Dataset:

________

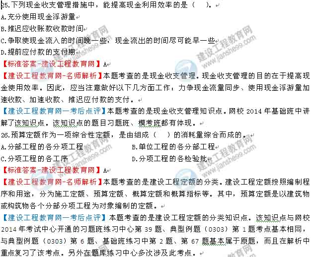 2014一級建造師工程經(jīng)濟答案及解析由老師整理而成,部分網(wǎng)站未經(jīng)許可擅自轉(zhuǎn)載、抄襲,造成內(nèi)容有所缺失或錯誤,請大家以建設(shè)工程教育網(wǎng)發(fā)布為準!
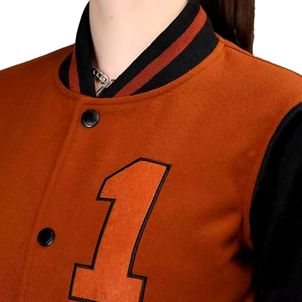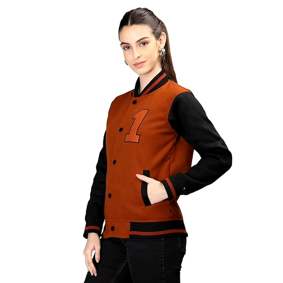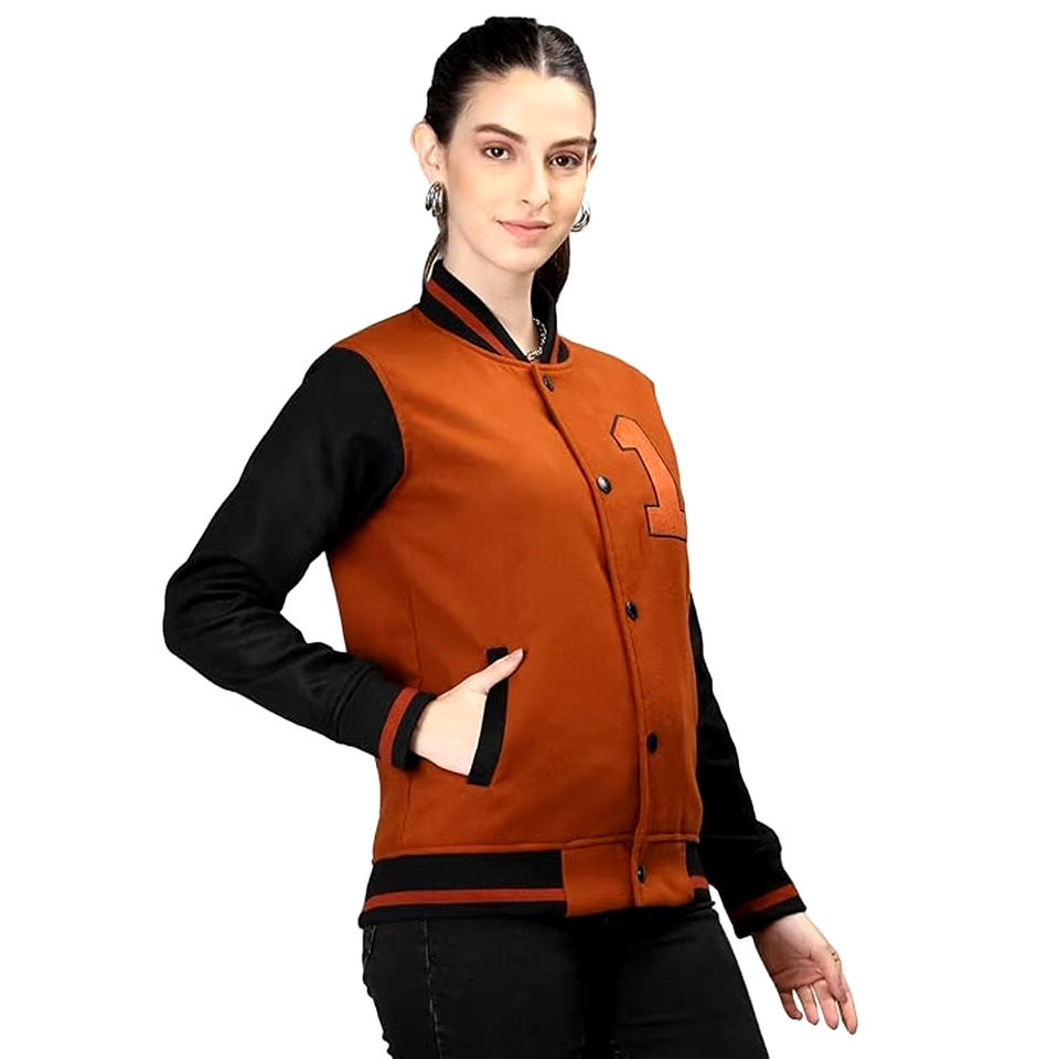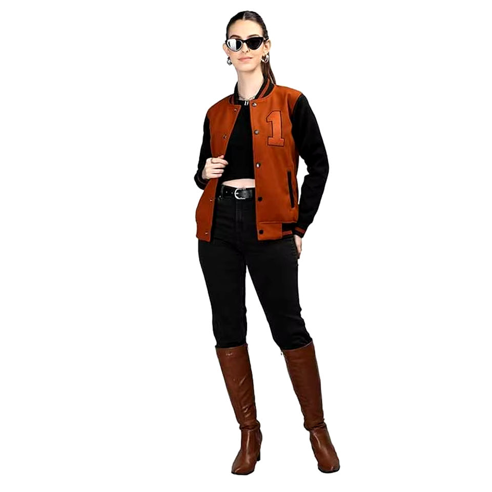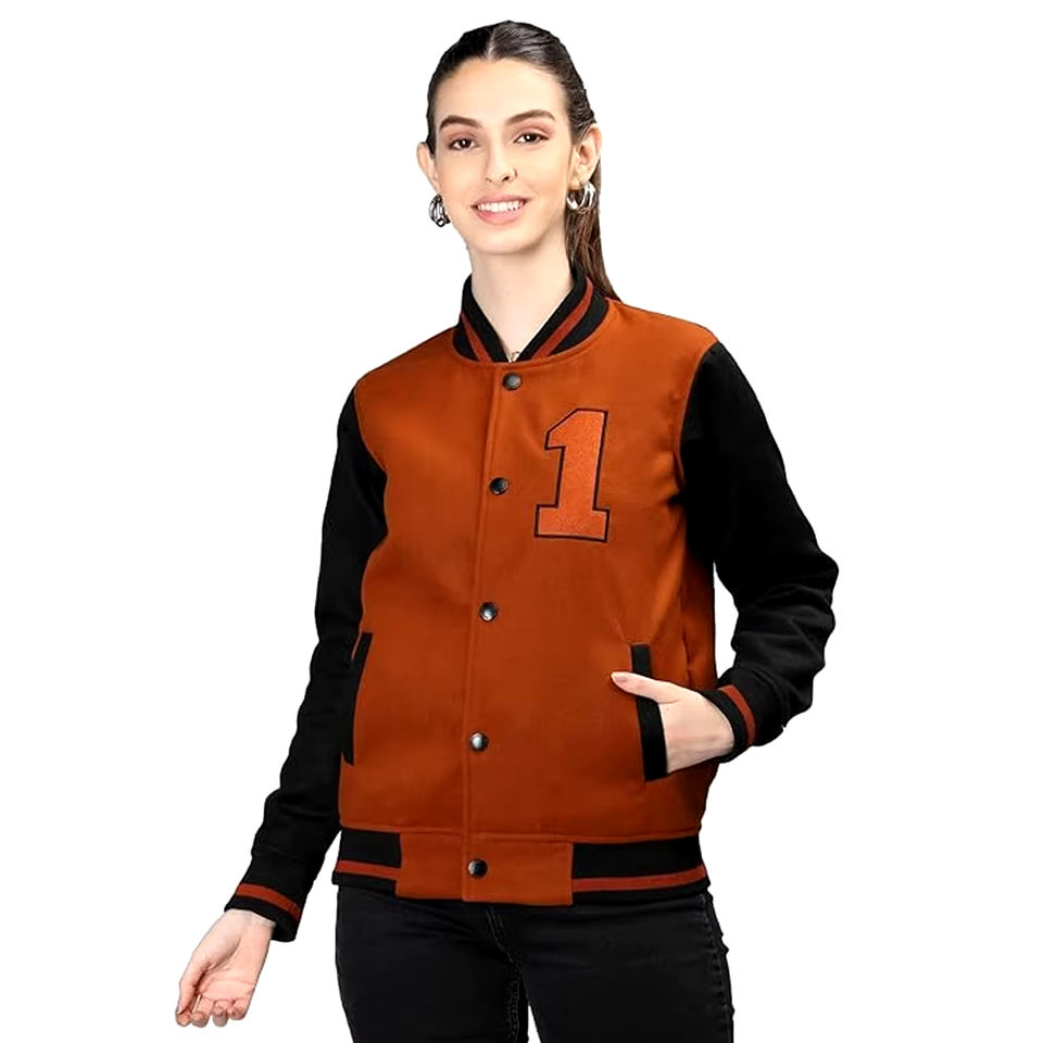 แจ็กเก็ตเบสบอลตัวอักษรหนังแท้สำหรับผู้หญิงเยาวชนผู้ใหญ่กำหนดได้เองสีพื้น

________

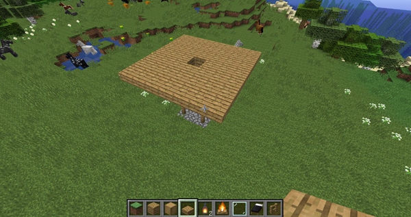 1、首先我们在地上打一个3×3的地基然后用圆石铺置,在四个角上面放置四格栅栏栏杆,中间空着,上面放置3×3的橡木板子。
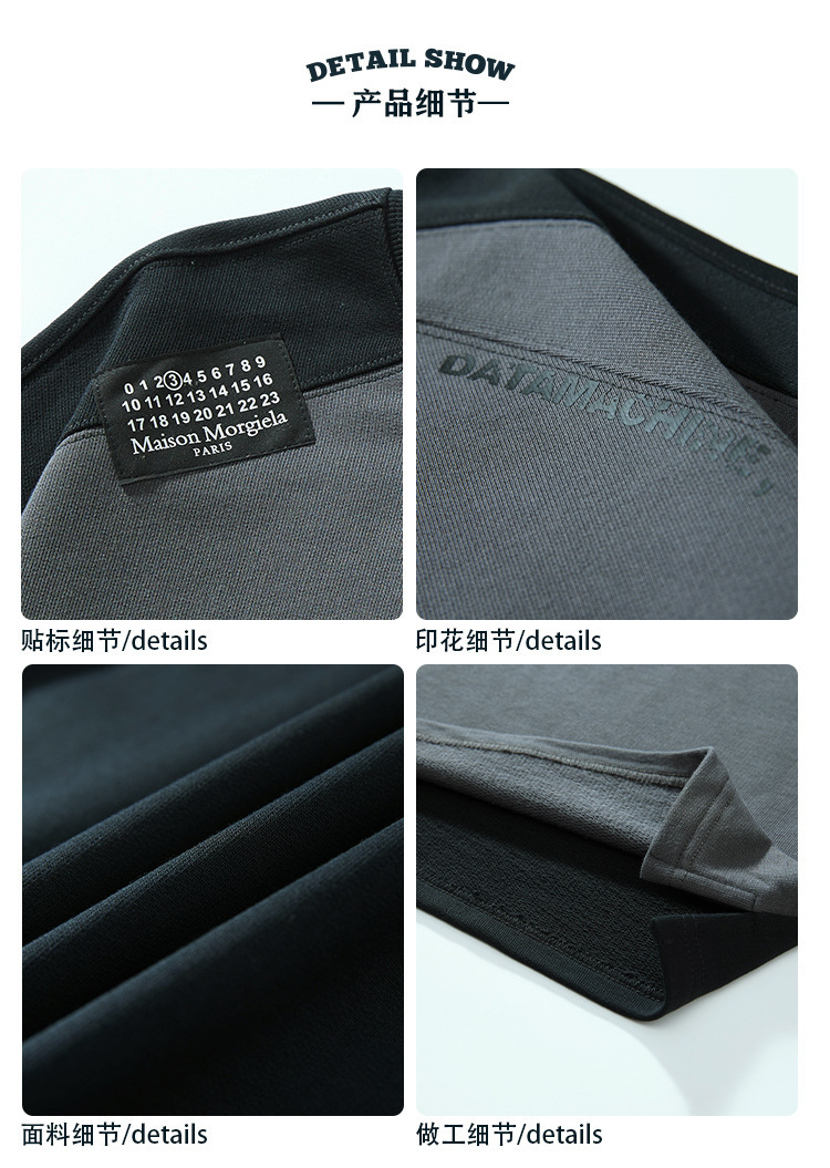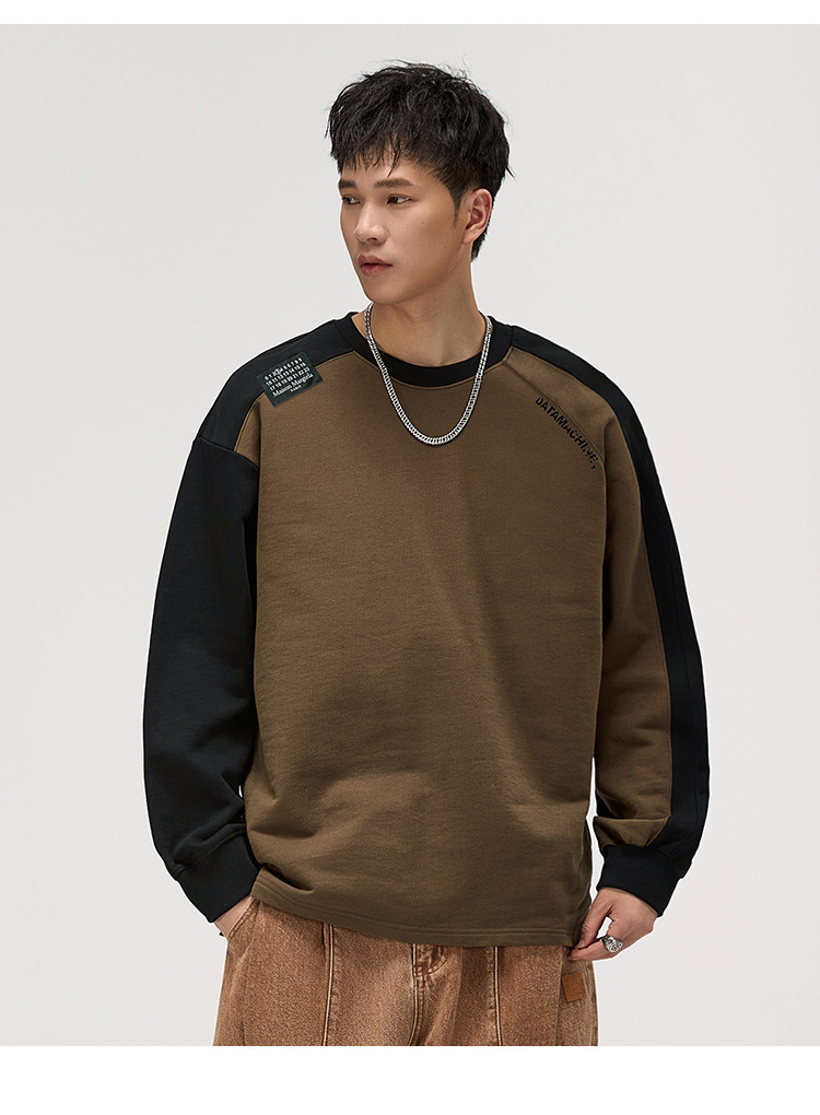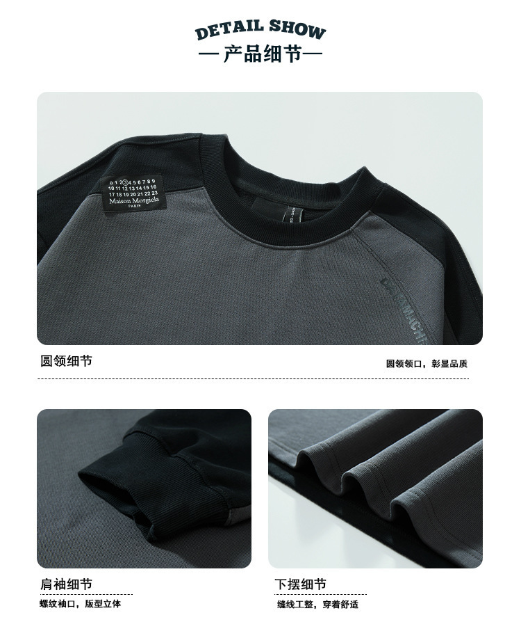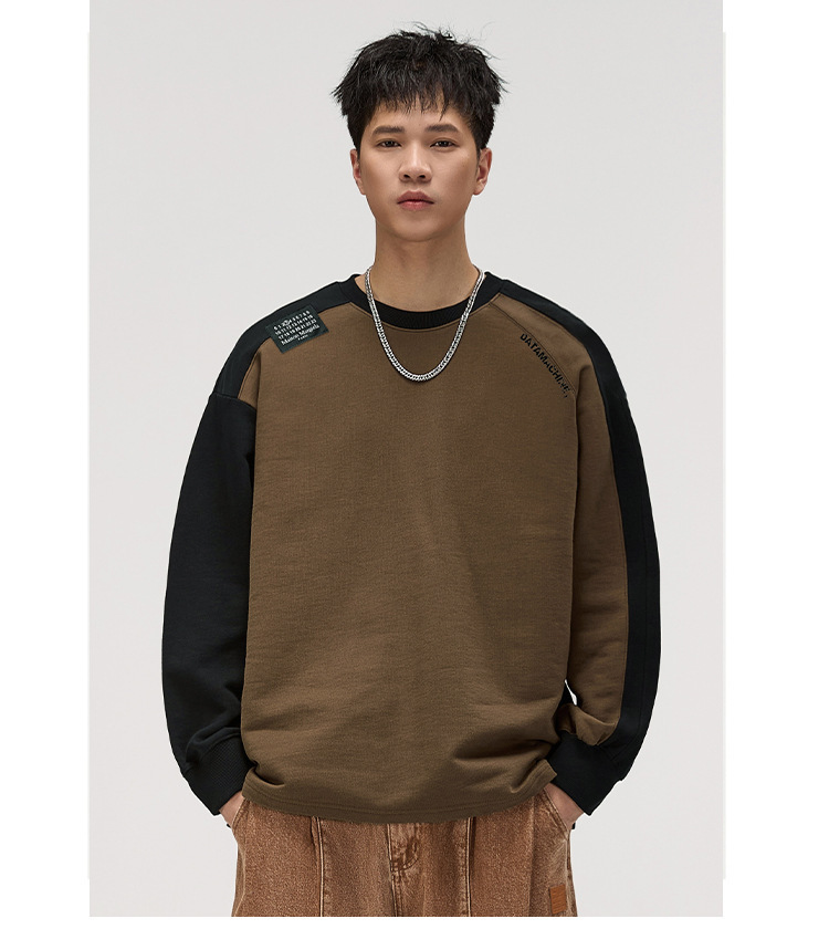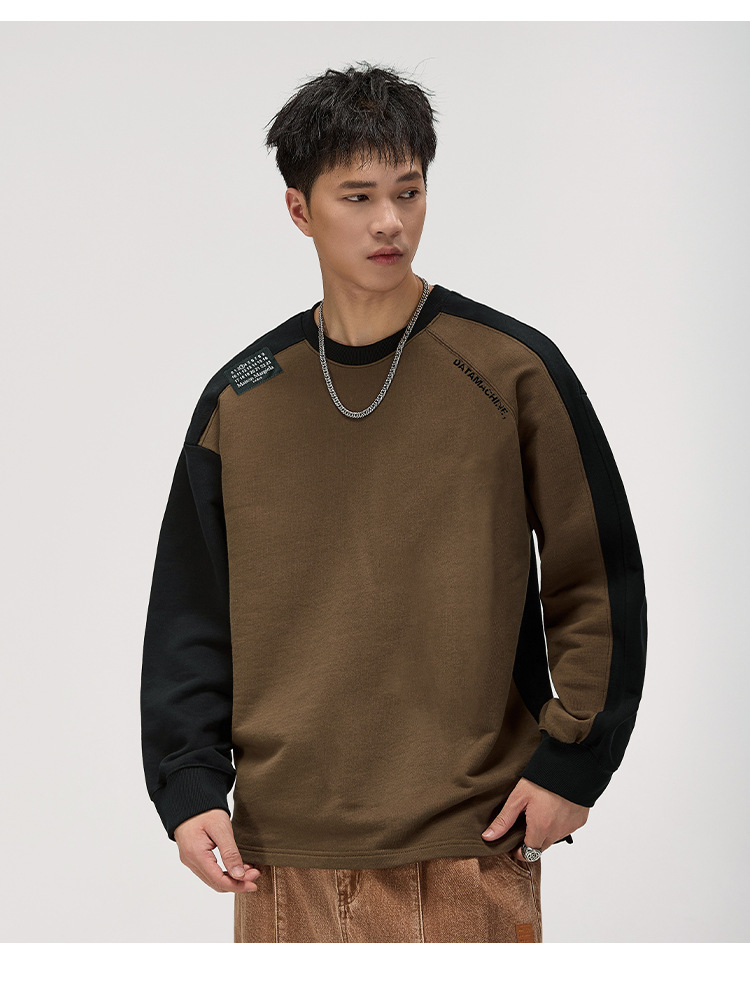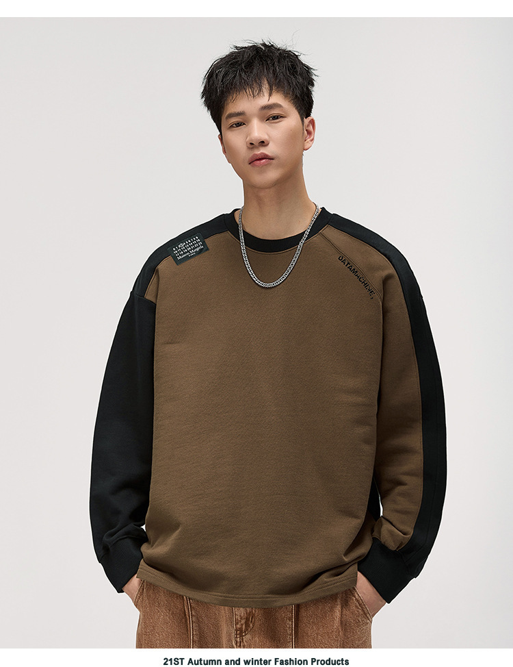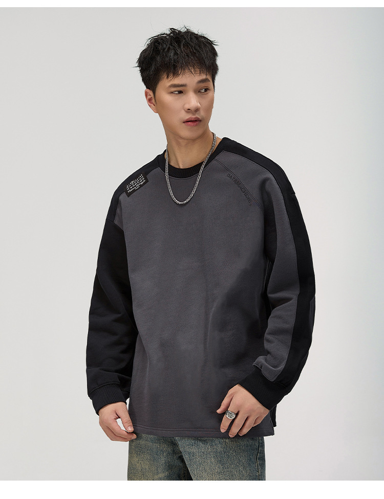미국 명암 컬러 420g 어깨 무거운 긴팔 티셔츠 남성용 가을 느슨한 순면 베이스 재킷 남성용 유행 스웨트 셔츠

________

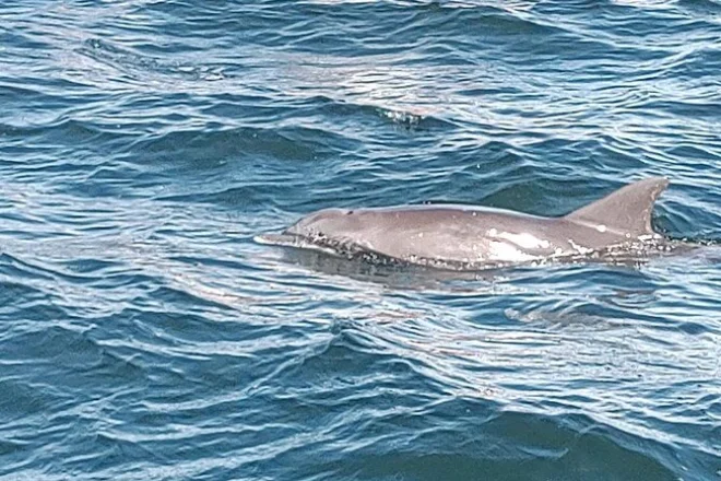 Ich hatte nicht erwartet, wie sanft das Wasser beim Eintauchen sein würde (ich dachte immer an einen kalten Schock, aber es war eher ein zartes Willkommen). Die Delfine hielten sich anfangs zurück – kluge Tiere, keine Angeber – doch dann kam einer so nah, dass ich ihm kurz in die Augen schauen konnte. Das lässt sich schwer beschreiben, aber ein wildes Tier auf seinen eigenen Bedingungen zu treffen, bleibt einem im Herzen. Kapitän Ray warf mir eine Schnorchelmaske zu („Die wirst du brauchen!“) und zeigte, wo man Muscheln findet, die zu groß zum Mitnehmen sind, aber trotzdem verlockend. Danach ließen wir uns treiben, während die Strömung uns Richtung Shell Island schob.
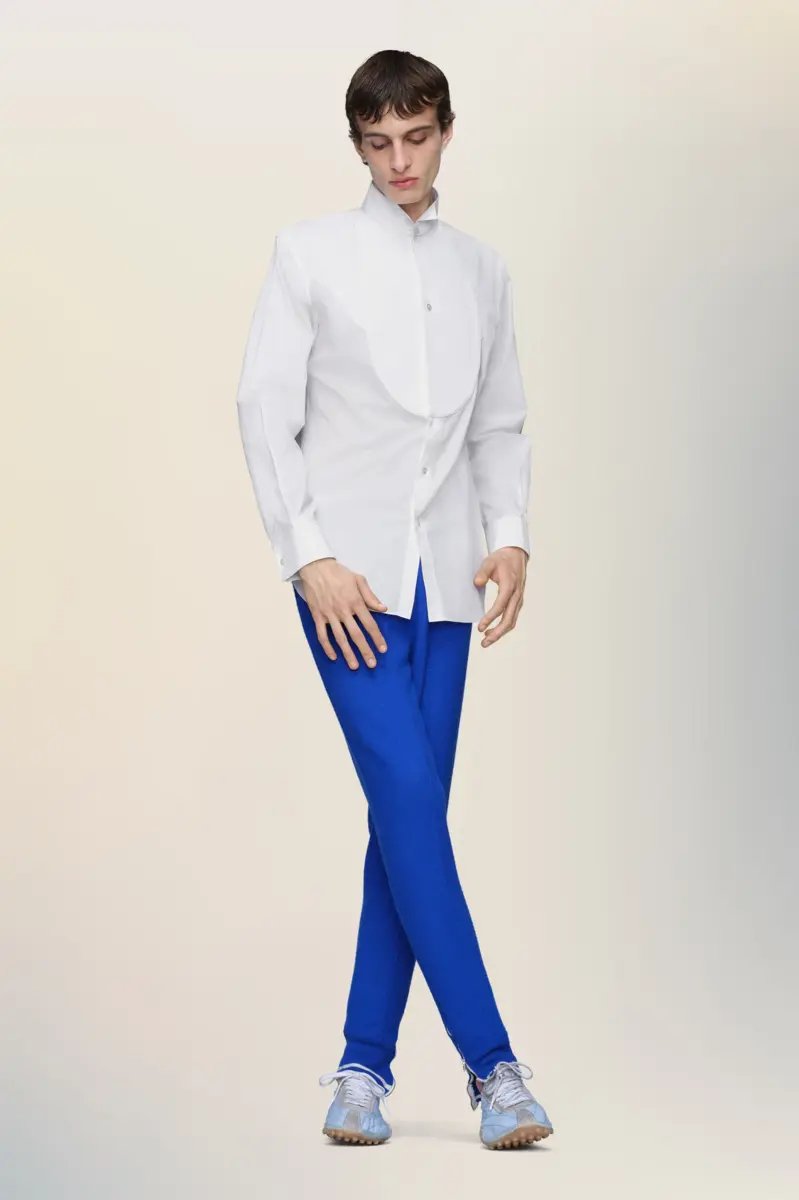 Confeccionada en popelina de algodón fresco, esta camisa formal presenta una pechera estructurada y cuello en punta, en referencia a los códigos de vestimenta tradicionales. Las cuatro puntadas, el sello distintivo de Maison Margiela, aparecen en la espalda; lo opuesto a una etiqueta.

________

What you should do:
From the records above, copy exactly the lines starting at the one with "2014一級建造師工程經(j" and ending at the one with "แจ็กเก็ตเบสบอล", and no others. Pictures stay out.

Result of the task:
 2014一級建造師工程經(jīng)濟答案及解析由老師整理而成,部分網(wǎng)站未經(jīng)許可擅自轉(zhuǎn)載、抄襲,造成內(nèi)容有所缺失或錯誤,請大家以建設(shè)工程教育網(wǎng)發(fā)布為準!
 แจ็กเก็ตเบสบอลตัวอักษรหนังแท้สำหรับผู้หญิงเยาวชนผู้ใหญ่กำหนดได้เองสีพื้น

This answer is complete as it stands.